A partir daqui começam os trilhos mais duros e técnicos onde as mãos servem também de propulsores para avançarmos subida acima. Já mais perto do final da subida senti que tinha que abrandar em relação ao grupo, tinha que me hidratar de novo e alimentar. Conseguia mantê-los na linha do olhar o que era bom. É o momento de se iniciar a descida, este ano com uma alteração que achei muito positiva, um troço novo substituiu aquele corta-fogo algo insosso e sem piada. Momentos passados e tenho a companhia de quatro novos companheiros de prova (Luis Mota, Pedro Rodrigues, Rui Seixo e o Veríssimo), tento manter-me junto deles pois não tarda nada estaremos de novo a subir em direcção às eólicas. Volto a parar no abastecimento, mas rapidamente parto para me meter de novo na companhia deles. É mais fácil correr acompanhado.

Momentos depois sinto a falta de mais quilómetros e desnível treinados, as pernas começaram a ficar pesadas, a exigência do percurso com a bastante lama e tecnicidade estavam a fazer mossa. Na subida das quedas de água começo a sentir os adutores a tremer. Com calma ingeri sal, voltei a beber e a comer.

“Pode ser que passe.” – Pensei.

A partir daqui a luta iria ser comigo mesmo, teria que ter a força e a calma para controlar o meu desgaste até ao final. Aquela subida tornou-se assim ainda mais longa, transformei o meu ritmo a duas velocidades ora ia a trote ora a passo, tentava forçar sempre um pouco mais, dava comigo a falar sozinho com o meu subconsciente a motivar-me. As sensações nas pernas era de peso, parecia que estava a ficar cada vez mais pesado, a respiração estava bem só que as pernas custavam sair do chão. Passo a passo fui cumprindo o trilho, aproveitando os abastecimentos para recuperar forças.

A partir de Gondramaz (que bela e simpática aldeia) as sensações melhoraram e até ao final consegui recuperar o ritmo, a fadiga nas pernas era compensada com as vistas que absorviam as forças destes quadros vivos.

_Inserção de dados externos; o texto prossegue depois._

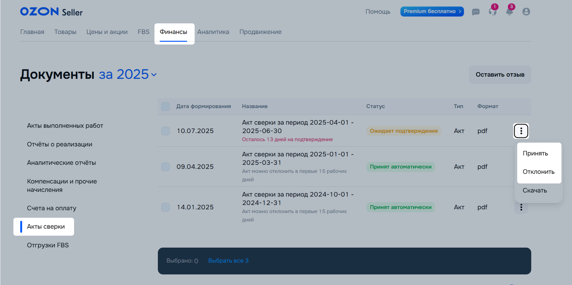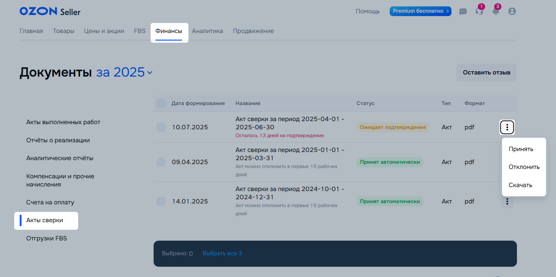 Ozon формирует акт сверки за период и отправляет его в раздел Финансы → Документы → Акты сверки. Здесь вы можете скачать, принять или отклонить документ, если не согласны с его содержанием.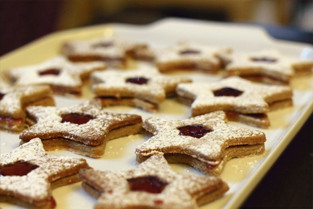 Faites tiédir la confiture de groseille et la laisser un peu refroidir. Collez un biscuit (refroidi) étoilé sur un biscuit entier en vous servant de confiture comme colle. Saupoudrez de sucre glace.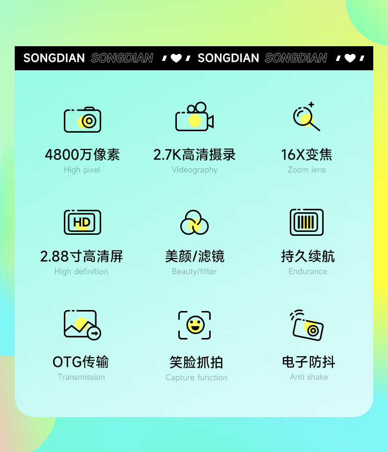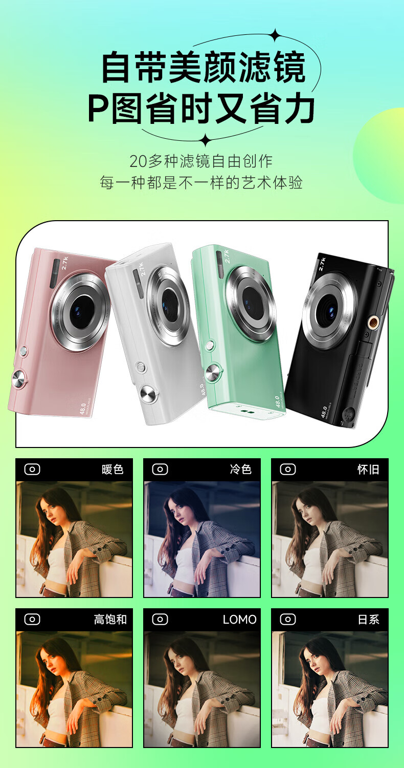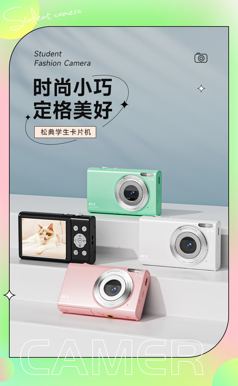 松典(SONGDIAN) 数码相机学生高中生迷你ccd小卡片机高清微单校园照相机 象牙白 64G 内存 自营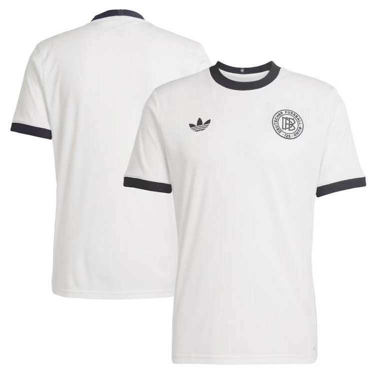 紀(jì)念球衣的設(shè)計(jì)以1974年復(fù)古球衣為藍(lán)本——這一年,德國(guó)男足國(guó)家隊(duì)在本土贏得了世界杯冠軍。125周年紀(jì)念球衣的配色和剪裁均承載著德國(guó)足協(xié)的歷史:球員版球衣采用經(jīng)典的黑白配色,而守門(mén)員球衣則為淡藍(lán)色。球衣采用細(xì)條紋面料,搭配袖口、圓領(lǐng)衣領(lǐng)以及衣領(lǐng)后方的旗幟印花。球衣胸前繡有阿迪達(dá)斯的三葉草標(biāo)志,以及特別為德國(guó)足協(xié)成立125周年設(shè)計(jì)的刺繡徽章,而該徽章的涉及靈感來(lái)自德國(guó)足協(xié)在萊比錫成立地所懸掛的紀(jì)念牌匾。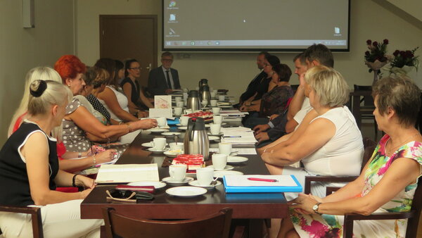 Podczas spotkania poruszono również bieżące tematy m.in. konieczność uaktualnienia i ujednolicenia adresów poczty elektronicznej, planowanie przeprowadzenia inwentaryzacji w placówkach, a także o trwających i zbliżających się remontach. Tematem nowym, którym najbardziej zainteresowani będą uczniowie jest powstanie Młodzieżowej Rady Gminy. Już na jesień odbędą się w szkołach wybory, w wyniku których zostanie wyłonionych 15 młodych radnych.

Cada vez que volto a estes trilhos saio deles maltratado, sujo, com dores, uma ou outra escoriação, mas no fundo saio com o coração cheio e com a alma mais leve. Como disse no início ainda não tinha os treinos suficientes para correr a um bom nível mas estou a caminhar nesse sentido, saber sofrer como sofri também é treino e ajuda-nos a melhorar. Quero dar os parabéns aos vencedores, que bravos eles foram, e aos vencidos que souberam elevar ainda mais o feito de quem ganhou. À equipa abutrica que mais se pode dizer? São fantásticos, e se as pernas ajudarem para o próximo ano voltarei para mais um duelo no Reino dos Abutres.

Agradeço também à minha família, mas principalmente à Diana mulher que todos os dias está ao meu lado, me cura as feridas e me atura quando as coisas não me correm como eu queria, com uma paciência que só ela tem. À minha equipa EDV-Viana Trail por sermos o grupo que somos, à Viana Cycles, à Evonutrition, ao Café do Rio – Santo Tirso, à Camara Municipal de Santo Tirso, e ao Dr. Eduardo Merino que com as suas terapias manuais me “afina” o corpo.